La sénatrice de Guadeloupe Solanges Nadille appelle l’État à reprendre en main le ramassage des sargasses, actuellement confié aux collectivités locales, dans une tribune publiée en exclusivité par Ouest France ce 14 mai 2026. Elle pointe un traitement inégal entre les algues vertes de Bretagne et les sargasses des Antilles, où les moyens mobilisés ne seraient pas à la hauteur des enjeux.

Ce qu'il faut retenir

  • Solanges Nadille, sénatrice de Guadeloupe, demande à l’État de prendre le relais pour le ramassage des sargasses, aujourd’hui géré par les collectivités locales.
  • Elle dénonce un « deux poids, deux mesures » entre la gestion des algues vertes en Bretagne et celle des sargasses en Guadeloupe.
  • L’État intervient directement en Bretagne pour les algues vertes, tandis que les collectivités antillaises assument seules le coût et l’organisation du ramassage des sargasses.

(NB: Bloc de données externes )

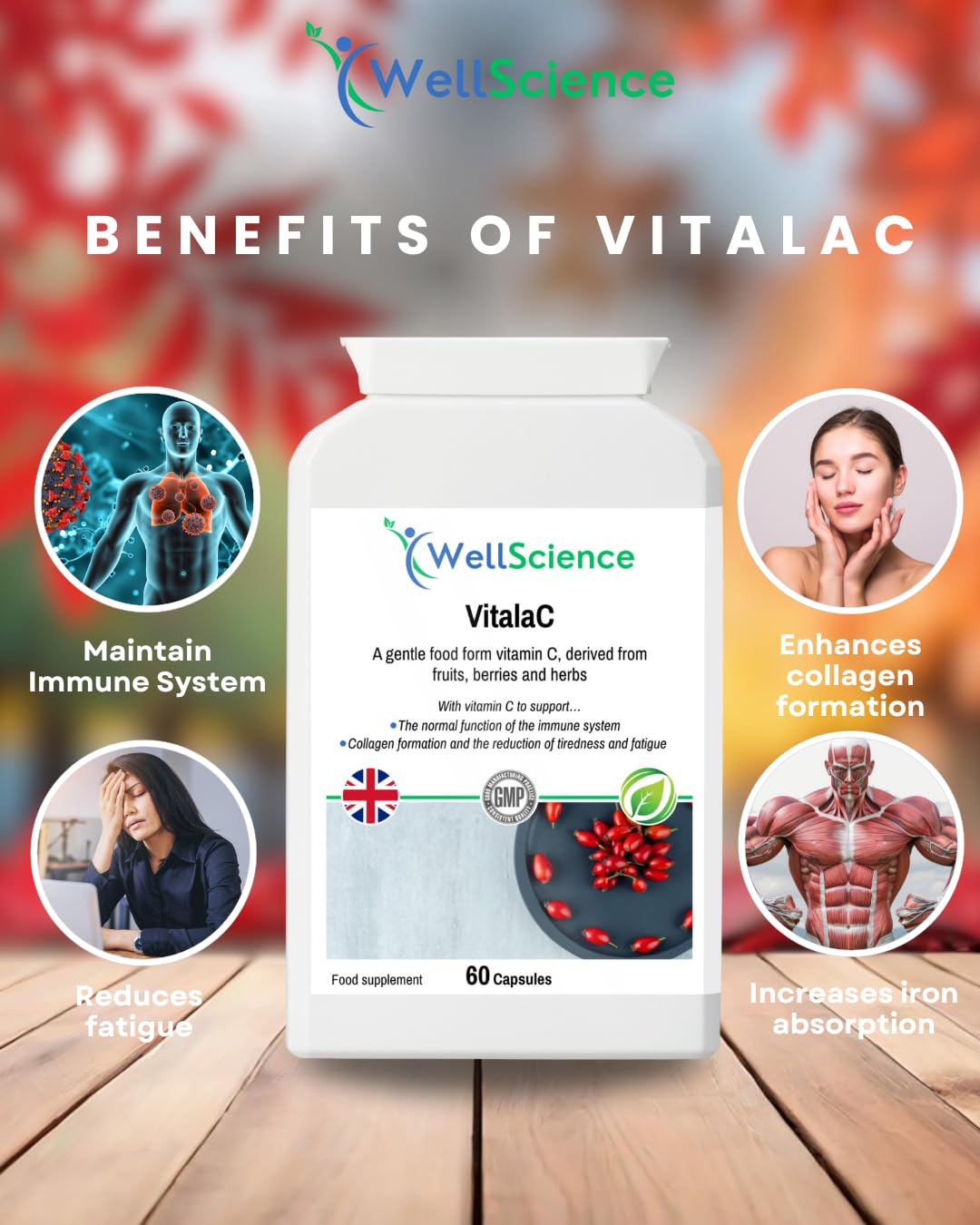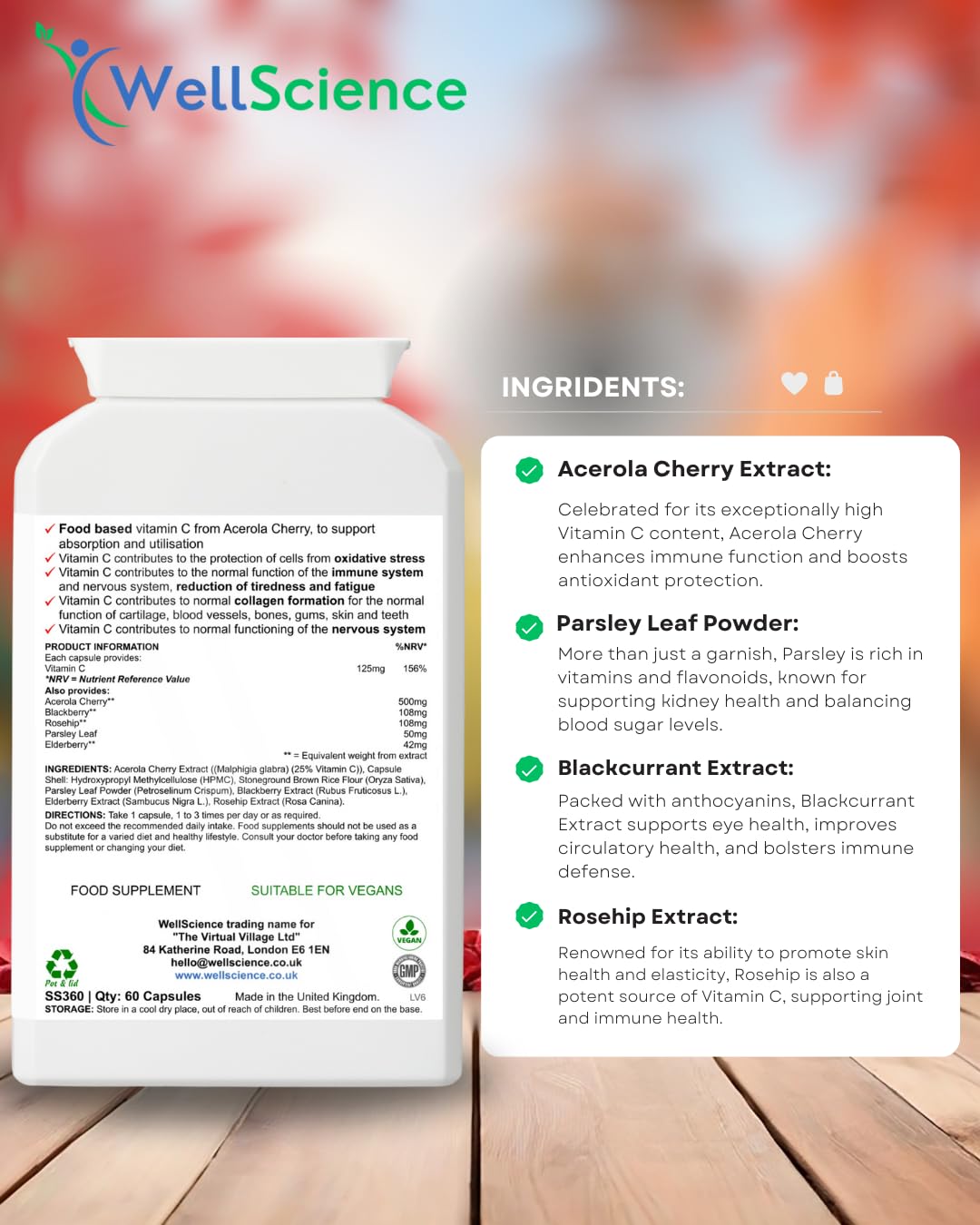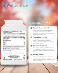 Wellscience WellScience VitalaC - Natural Vitamin C Supplement for Immune Support, Collagen Formation, and Antioxidant Protection - Acerola Cherry, Parsley, Blackcurrant, Rosehip, and Elderberry Extracts

Dans sa tribune, la sénatrice guadeloupéenne rappelle que l’État dispose pourtant des outils nécessaires pour agir rapidement, comme en témoigne sa réactivité face aux algues vertes en métropole. « L’État sait agir quand il le veut, il est temps qu’il le veuille », écrit-elle, soulignant l’urgence d’une mobilisation similaire pour les sargasses, dont l’accumulation menace l’écosystème et les activités économiques locales.

Le contraste entre les deux situations est au cœur de son argumentaire. En Bretagne, les algues vertes font l’objet d’un plan de lutte national, avec des moyens financiers et humains importants, tandis qu’en Guadeloupe, les collectivités doivent se débrouiller avec des budgets locaux déjà contraints. « On nous explique que c’est une question de moyens, mais en Bretagne, ces moyens sont trouvés », rappelle-t-elle, sans détour.

Selon Solanges Nadille, cette différence de traitement reflète une vision déséquilibrée des priorités environnementales entre la métropole et les territoires ultramarins. Elle évoque également les conséquences sanitaires et économiques des sargasses, dont les échouages massifs perturbent le tourisme, la pêche et la santé des populations côtières. « Chaque année, des milliers de tonnes de sargasses s’échouent sur nos côtes, et chaque année, nous devons gérer cette crise avec des moyens dérisoires », précise-t-elle.

« L’État sait agir quand il le veut, il est temps qu’il le veuille. »
Solanges Nadille, sénatrice de Guadeloupe

Interrogée par Ouest France, la sénatrice a indiqué qu’elle comptait porter cette question au Sénat lors de la prochaine session parlementaire, prévue pour l’automne 2026. Elle espère ainsi obtenir un engagement clair du gouvernement pour une prise en charge nationale du problème des sargasses, à l’image de ce qui est fait pour les algues vertes en métropole. « Nous ne demandons pas la lune, mais simplement que les mêmes règles s’appliquent à tous », a-t-elle conclu.

Et maintenant ?

La tribune de Solanges Nadille pourrait relancer le débat sur la gestion des sargasses en Guadeloupe, un sujet déjà abordé à plusieurs reprises au Parlement sans aboutir à des mesures concrètes. Une réunion interministérielle est attendue d’ici la fin du mois de juin 2026, selon des sources proches du dossier. Les associations locales, qui dénoncent depuis des années l’inaction de l’État, pourraient également se saisir de cette tribune pour faire pression.

Reste à savoir si le gouvernement répondra à cet appel, alors que la crise des sargasses s’aggrave d’année en année, avec des impacts de plus en plus lourds sur l’économie et la santé des Guadeloupéens. Une chose est sûre : le statu quo n’est plus tenable.

Les algues vertes en Bretagne sont principalement composées d’Ulva et font l’objet d’un plan national de lutte depuis plusieurs années, avec des moyens financiers et techniques importants. Les sargasses, en revanche, sont des algues brunes (Sargassum) qui s’échouent massivement en Guadeloupe depuis 2011, sans qu’un plan national équivalent n’ait été mis en place. Leur gestion reste du ressort des collectivités locales, malgré des volumes bien supérieurs à ceux des algues vertes bretonnes.